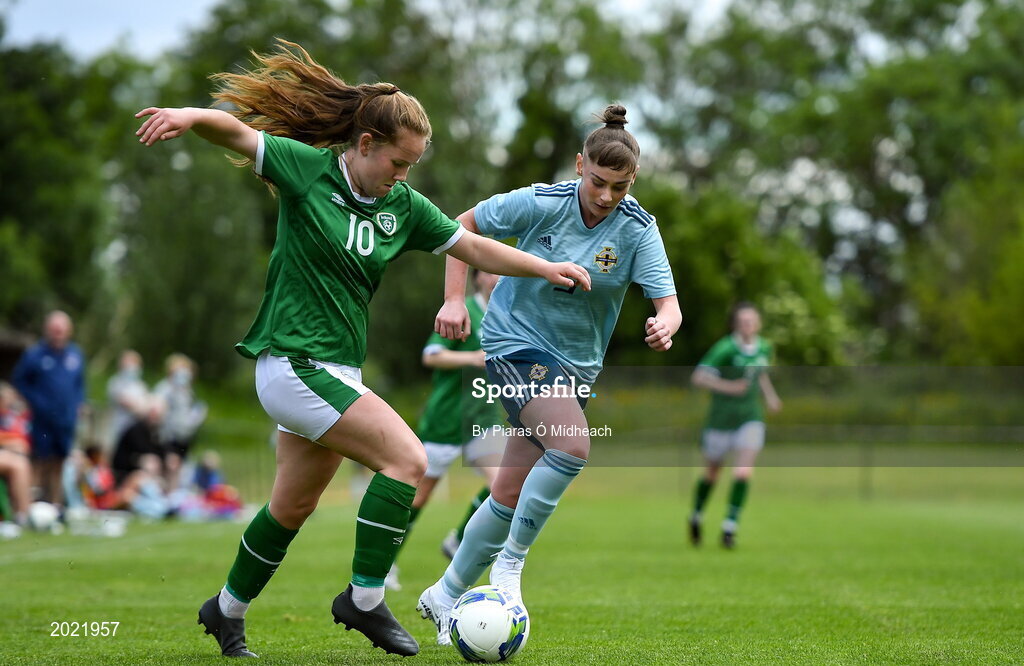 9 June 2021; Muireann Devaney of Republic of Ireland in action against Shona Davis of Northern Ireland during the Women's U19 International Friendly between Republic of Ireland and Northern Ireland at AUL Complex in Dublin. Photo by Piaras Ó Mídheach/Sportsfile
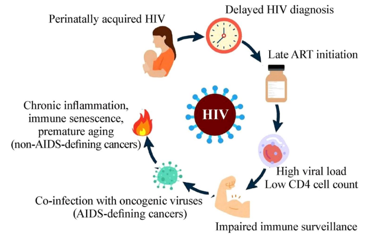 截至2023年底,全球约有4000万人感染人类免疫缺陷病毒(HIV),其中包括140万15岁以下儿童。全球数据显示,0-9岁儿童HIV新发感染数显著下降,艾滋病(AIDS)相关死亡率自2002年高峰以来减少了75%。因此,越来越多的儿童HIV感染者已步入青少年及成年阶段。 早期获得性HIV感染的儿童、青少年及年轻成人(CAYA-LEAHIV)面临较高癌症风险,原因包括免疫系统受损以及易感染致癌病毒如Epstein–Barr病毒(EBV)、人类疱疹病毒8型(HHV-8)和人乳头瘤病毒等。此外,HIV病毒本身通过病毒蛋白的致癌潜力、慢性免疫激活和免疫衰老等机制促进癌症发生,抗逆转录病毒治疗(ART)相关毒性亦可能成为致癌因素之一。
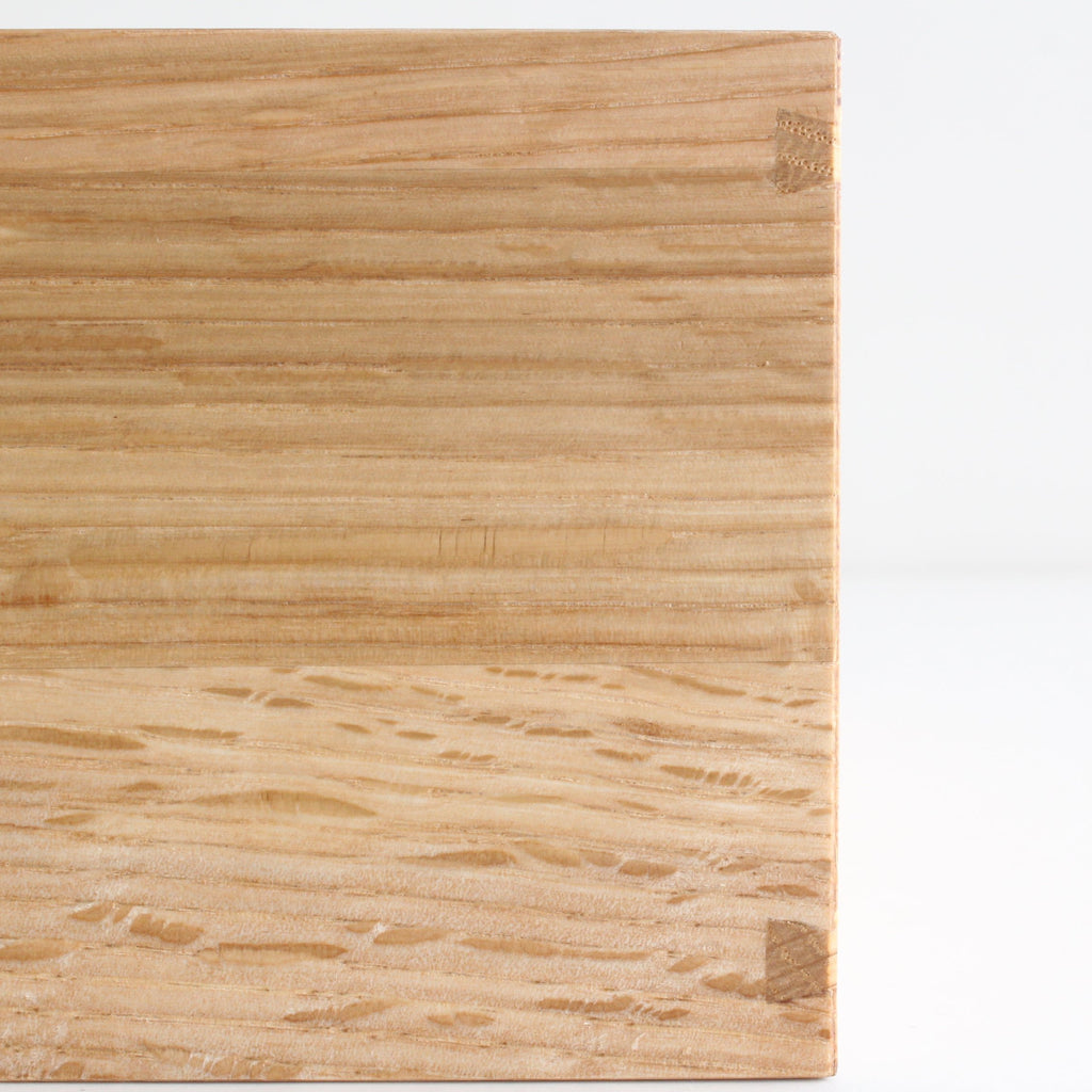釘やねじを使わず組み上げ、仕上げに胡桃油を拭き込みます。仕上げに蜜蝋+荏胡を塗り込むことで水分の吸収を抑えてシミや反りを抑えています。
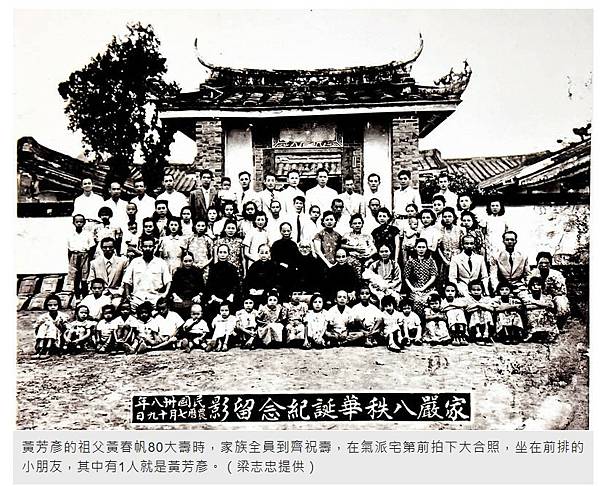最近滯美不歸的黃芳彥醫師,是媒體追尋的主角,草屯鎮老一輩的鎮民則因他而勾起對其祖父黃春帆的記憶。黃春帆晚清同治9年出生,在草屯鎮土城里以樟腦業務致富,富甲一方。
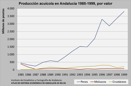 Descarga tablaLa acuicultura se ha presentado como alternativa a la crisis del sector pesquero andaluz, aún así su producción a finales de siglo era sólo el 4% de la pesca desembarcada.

+ + + + +

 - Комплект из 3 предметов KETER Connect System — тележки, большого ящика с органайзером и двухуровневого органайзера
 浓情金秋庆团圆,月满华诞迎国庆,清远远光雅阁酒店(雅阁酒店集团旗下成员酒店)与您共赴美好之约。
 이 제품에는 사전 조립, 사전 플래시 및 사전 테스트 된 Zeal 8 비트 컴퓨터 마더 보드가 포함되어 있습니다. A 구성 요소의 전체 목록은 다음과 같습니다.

+ + + + +

[GOAL OF THE EXERCISE] Given the entries above, transcribe exactly the lines from the one holding "釘やねじを使わず組み上げ、仕" through the one holding "Descarga tablaLa acuicultura"; pictures do not belong in the transcription.

[RESULT FOR THIS TASK]
釘やねじを使わず組み上げ、仕上げに胡桃油を拭き込みます。仕上げに蜜蝋+荏胡を塗り込むことで水分の吸収を抑えてシミや反りを抑えています。
最近滯美不歸的黃芳彥醫師,是媒體追尋的主角,草屯鎮老一輩的鎮民則因他而勾起對其祖父黃春帆的記憶。黃春帆晚清同治9年出生,在草屯鎮土城里以樟腦業務致富,富甲一方。
 Descarga tablaLa acuicultura se ha presentado como alternativa a la crisis del sector pesquero andaluz, aún así su producción a finales de siglo era sólo el 4% de la pesca desembarcada.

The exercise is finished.